Ermenek Selçuklu Otel’in 2003 yılında açılışında da oradaydım. Konum itibarı ile hizmet kalitesi ile güzel bir otel. Ermenek’e nitelik olarak çok şeyler verdiğini ve kentin standart konumunu daha üst seviyelere çıkardığını daha önceleri çok defalar yazmıştım. İki katlı otele bir üçüncü kat daha ilave etmişler, manzarası, havası insana huzur veren bir ferahlık içinde. Otelin bahçesinden şöyle güneye ve batıya bakınca insanın ufku açılsa da kuzey yönünde YUMRUTEPE ile yarışırcasına apartmanların yükseldiğini görüyoruz. Kentin genel görünümünü bozacak yüksek binalardan kaçınılması gerekirken, sanki teşvik edilmiş bir hâl aldığı izlenimini edindik. Tarihi derinliği olan böyle bir kente karşı Belediye Meclisi’nin değerli üyelerinin çok duyarlı olması gerektiğini düşünüyorum. Ermenek’e göre bu devasa binalar yılların günümüze gelen çarpık bir yapılanması/ ürünü olduğunu söylemeliyiz, dudurulmalı.
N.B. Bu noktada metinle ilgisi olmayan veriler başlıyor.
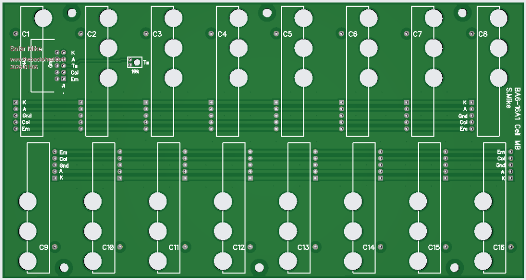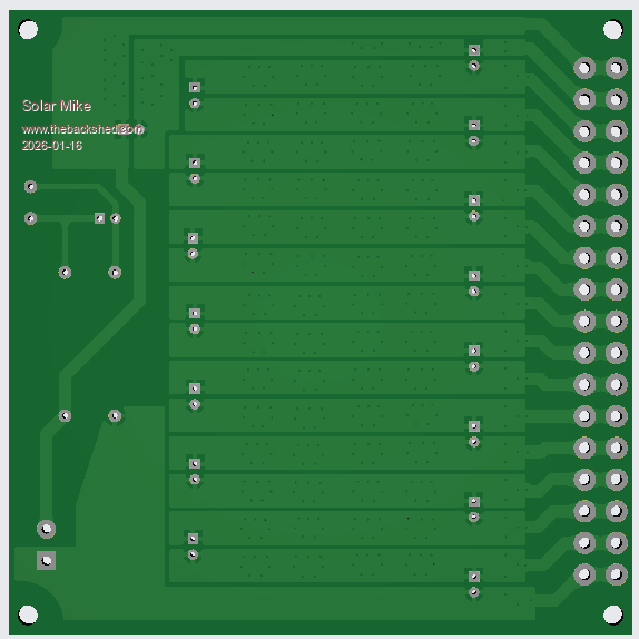 I have been using a different sort of balancer for our 3 banks of 300AH 48v Lead Carbon 6v cells, so 8 cells in series per bank; will post the pcb below.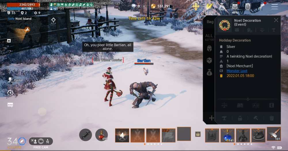 Monsters on Noel Island drop Soulshots like crazy, and you might find yourself frustrated that your character decides picking them up is a better option than fighting. Tweak your loot settings via the Settings menu, then go to Combat, Claim, and turn off “Loot items dropped by other players while Hunting”. Noel Island monsters also drop Noel Decorations that can be traded with Noel Merchants in town. The event shop vanishes on January 4, so you have a lot of time to grab these wreaths.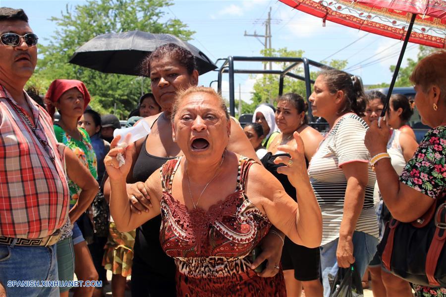Familiares de los presos se reúnen en las afueras del Centro de Readaptación Social, luego del enfrentamiento entre reos ocurrido durante la madrugada, en Acapulco, estado de Guerrero, México, el 6 de julio de 2017. (Xinhua/David Guzmán)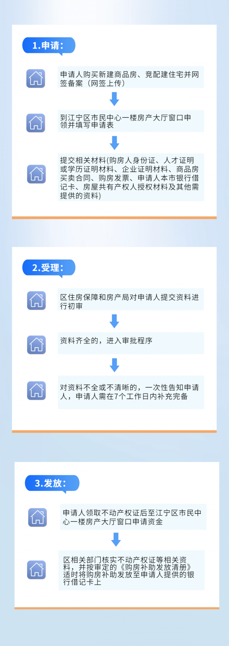 领取——申请人取得不动产权证后至江宁区市民中心一楼房产大厅窗口申请领取补助资金。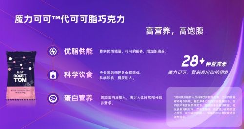 魔力可可TM代可可脂巧克力,增加蛋白质、膳食纤维等营养素,复配多种天然的营养饱腹因子,在均衡所需营养的情况下,全程专业营养师全程陪伴。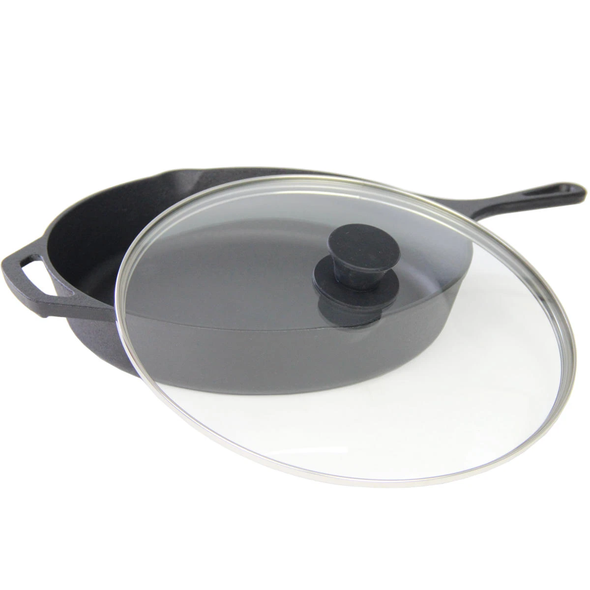 Eine Pfanne aus massivem Gusseisen ist ein echter Klassiker, nahezu unverwüstlich und ein wahres Multitalent. Sie ist als Bratpfanne, Grill- oder Schmorpfanne einsetzbar und eignet sich für alle erdenklichen Hitzequellen von Elektroherd bis offenes Feuer. Die SANTOS Gusspfanne kommt zusätzlich mit einem passenden Glasdeckel daher – so klappt’s auch mit dem Schmoren im leckeren Bratensaft oder dem Warmhalten fertig gegarter Köstlichkeiten.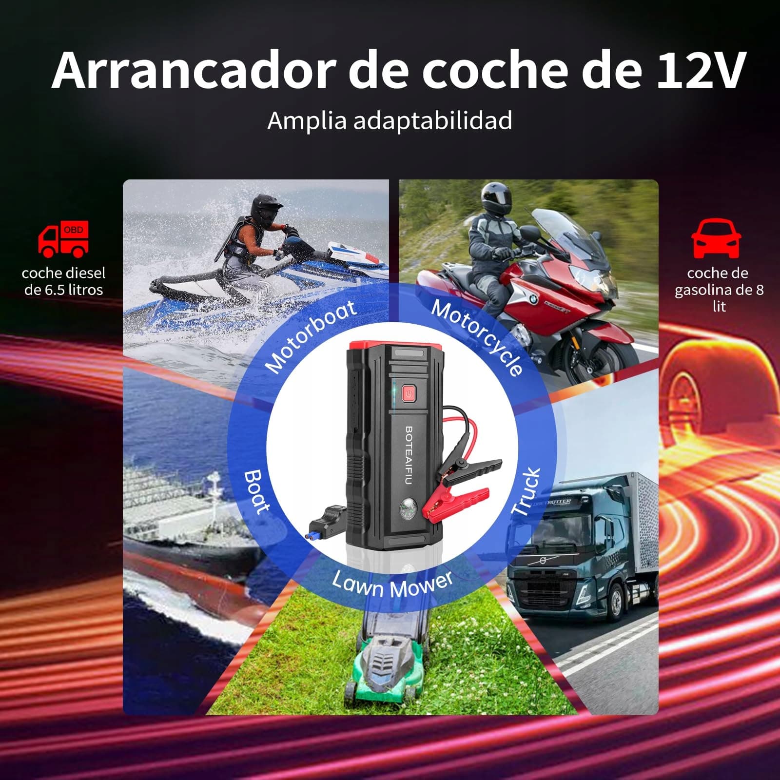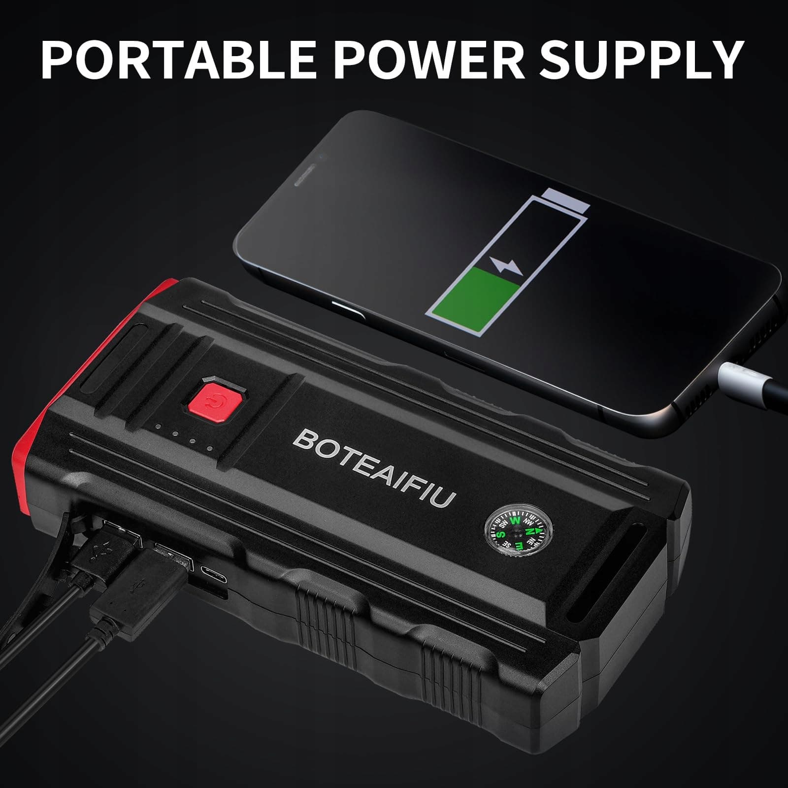 BOTEAIFIU Powerbank Rozruchowa 3000A 8.0L Benzyna 6.5L Diesel LED 12V

En son 2018 yılında Sempozyum’da Ermenek’e gitmiş Ermenek ve çevresindeki çok öncelerden beri çalışmakta olduğum “hayvan varlığı” ile ilgili bir tebliğ sunmuştum. Verilen “teşekkür belgeleri”nde yazım yanlışı olduğu için eleştirdiğim sempozyum yöneticileri tebliğimi düzenlemiş oldukları kitaplarına almamış olsalar da Tebliğden on yıl önce Yeşil Ermenek ve Karaman’ın Sesi gazetelerinde ve internet sitelerinde, hayvancılığın bittiğini sayısal olarak yazmış ve önlem alınması için kamuoyunu bilgilendirmiştim.
Ermenek Selçuklu Oteli, 2018 yılına göre daha iyi gördüm. Çevresi bakımlı ve düzenli, odalarda banyolar değişmiş, konukların daha kolay banyo yapacağı şekle dönüştürülmüş ve küvetler değiştirilmiş ya da duşakabin şekline dönüştürülmüş. Personel sayısı artırılmış ve konuklarına karşı güler yüzlerle hizmet görmeye devam ettiklerini gördük ve yaşadık.
Sabah kahvaltısında “Kazı ekibi” yazısını gördük, ama erken kahvaltıdan ayrıldıkları için görüşemedik. Öyle anlaşılıyor ki, Selçuk Ecza, Ermenek ve çevresinde yapılan kazıları finanse ettiği gibi, ekiplerini de otelde ağırlıyor.
Her yerde olduğu gibi Ermenek’te de Naciye Bardakçı’nin bir şiirinde “başı boş akan sular” ifadesi yok olmuş, sular kontrol altına alındığı yetmezmiş gibi borularla yerin altına alınarak gürül gürül akan köpüklü meşhur derelerinin coşkusu yok edilmiş, dere kurutulmuş.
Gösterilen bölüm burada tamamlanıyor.